## Work instruction
Using the records below, copy exactly the part that opens with the line holding "Senadora Teresa Leitão (PT-PE)" and closes with the line holding "Nói tiếng Bồ Đào Nha", minus the pictures.

## Recorded data
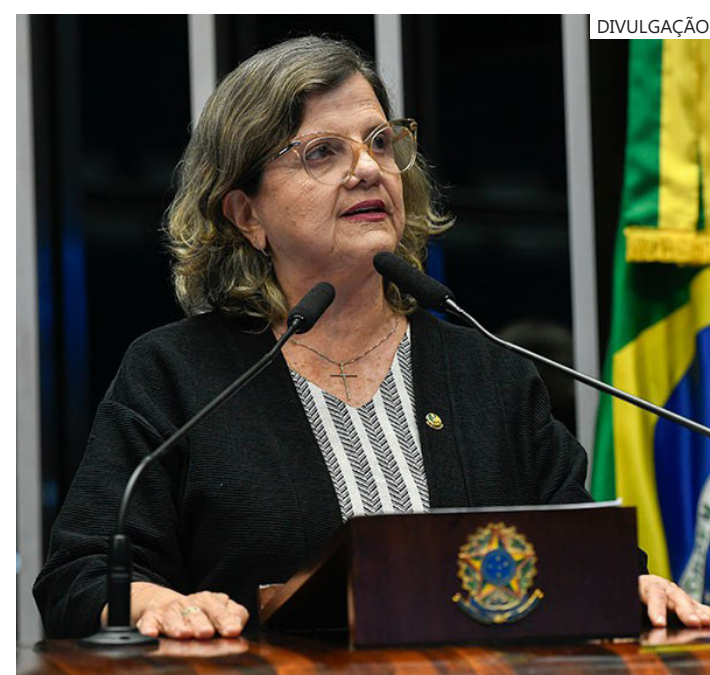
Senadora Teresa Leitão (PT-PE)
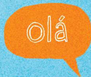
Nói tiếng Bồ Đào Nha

* * *

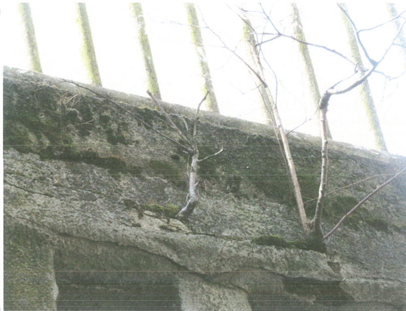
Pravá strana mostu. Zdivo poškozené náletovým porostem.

## Task answer
Senadora Teresa Leitão (PT-PE)
Nói tiếng Bồ Đào Nha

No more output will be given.